One may suppose that as the weeks and months of John’s ministry went on, his disciples (like other assistants at great revivals) worked with the people who came as candidates for the great moment of the dunking.  Worked with people who came with disabilities and psycho-somatic disorders (possessed ones).  In an excited atmosphere, permeated with expectations of divine relief near at hand (such as those predicted in Isaiah 35), a compassionate and spiritually acute believer (Jesus) might come to realize that healing could come through him – that the power of God’s reign was not only ahead, but for some suffering few could happen NOW.  That a pronouncement or a laying on of hands could bring God’s own power into the present moment.  
And, if so, a new page of God’s good news would be opened for those seized by the spirit of that place, time – and that special person.  Jesus clearly became a widely-known healer.  He had to have started at some time – and he probably did not get it directly from John the Baptist.  (In a later view, of course, it came with the Holy Spirit that descended on him at the baptism.)  
I have now learned that other Gospel readers, reflecting on the historical Jesus, have come to the same conclusion.  (The reflections on Matthew 3:13-17 given above were originally written in 2004.) 
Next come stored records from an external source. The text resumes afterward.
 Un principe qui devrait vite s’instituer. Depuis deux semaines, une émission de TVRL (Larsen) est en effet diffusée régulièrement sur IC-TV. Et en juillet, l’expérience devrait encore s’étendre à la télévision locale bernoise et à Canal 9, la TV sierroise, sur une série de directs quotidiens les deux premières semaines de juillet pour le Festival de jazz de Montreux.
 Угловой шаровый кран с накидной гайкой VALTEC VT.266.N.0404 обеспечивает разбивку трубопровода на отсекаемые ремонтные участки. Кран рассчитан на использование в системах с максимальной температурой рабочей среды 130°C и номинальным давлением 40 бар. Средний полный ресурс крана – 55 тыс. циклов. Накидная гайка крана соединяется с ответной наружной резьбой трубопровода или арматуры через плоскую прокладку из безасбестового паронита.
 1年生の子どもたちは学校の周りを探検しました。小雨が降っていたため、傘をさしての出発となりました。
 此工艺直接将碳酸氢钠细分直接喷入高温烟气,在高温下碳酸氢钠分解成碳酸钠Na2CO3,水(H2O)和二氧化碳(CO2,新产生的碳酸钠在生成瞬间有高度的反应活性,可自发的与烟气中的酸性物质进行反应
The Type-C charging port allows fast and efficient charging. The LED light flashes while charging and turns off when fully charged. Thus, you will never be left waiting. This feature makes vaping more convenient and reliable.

How are these differences [between Jesus and John the Baptist] to be accounted for?  Paul Hollenbach (1982) discerns a shift in Jesus’ ministry from baptizer to healer, and accounts for the change by referring to Jesus’ experience of the kingdom of God in his power to heal and exorcize.  Robert Webb (1994, pp. 225-6) accepts this explanation and adds a further observation:  as a prophet, Jesus experienced God’s call at the time of his baptism by John, and only gradually understood the full significance of that call.  “Jesus’ shift from baptizer to healer and exorcist implies a shift to an increased experience and intimacy with the divine realm.”  (Stanton, The Gospels and Jesus, 2d ed., p. 188.)  
[The cited works are:  Paul Hollenbach, “The Conversion of Jesus:  From Jesus the Baptizer to Jesus the Healer,” Aufstieg und Niedergang der römischen Welt, II.25.1 (Berlin:  de Gruyter, 1982), pp. 196-219.  
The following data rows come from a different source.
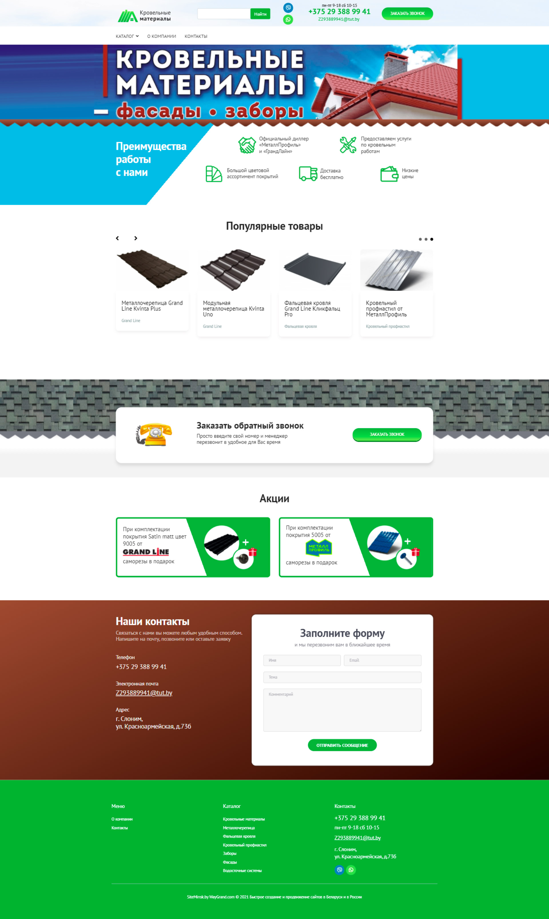 Закажите готовый продающий сайт визитка #324 в Кургане «под ключ» на waygrand по выгодной цене: свёрстан, отрисован и готов к рекламе. Тематика шаблона «Кровельные материалы».
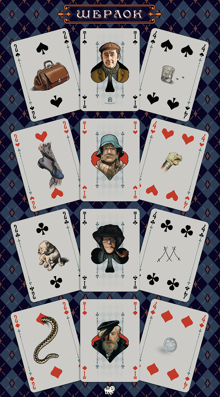 Полностью перерисованные и воссозданные фигуры. Произведено на 3-х слойном картоне с тиснением под лён и покрытие масляным лаком. 2025 год.
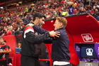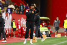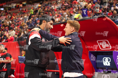 Tijuana, Baja California, 17 de enero de 2026. Sebastián "Loco" Abreu, director técnico y Guillermo Abascal, director técnico, durante el partido correspondiente a la jornada 3 del torneo Clausura 2026 de la Liga BBVA MX, entre los Xolos de Tijuana y el Atlético San Luis, realizado en el estadio Caliente. Foto: Imago7/ David Vega
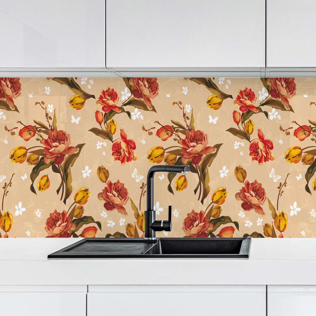 Floral Kitchen Tile Sticker, Peel and Stick, Kitchen Tile Decal

Robert Webb, “John the Baptist and his Relationship to Jesus,” in B. Chilton and C.A. Evans (eds.), Studying the Historical Jesus (Leiden:  Brill, 1994), pp. 179-230.]  
In the context of the Baptist’s highly public ministry, Jesus shared the apocalyptic framework of John’s work, but gradually realized that the power of God’s reign was already available for the suffering ones, through his own compassionate voice and touch.  Long after both men were dead, and probably toward the second generation of Jesus followers, Christians had developed a view of John’s subordination to Jesus the Messiah, and that is made clear – though with somewhat inconsistent variations in detail – at the beginnings of all the mainline Gospels.  
Graham Stanton concludes his discussion of John the Baptist with an observation about the greatest difference between Jesus and John.  Unlike Jesus, John was not acclaimed by his disciples as raised from the dead (though Herod heard rumors of such a thing, Matthew 14:1-2).  Thus John gradually became only a page in history while Jesus became the “one more powerful than” he – and much more!  Stanton, p. 189.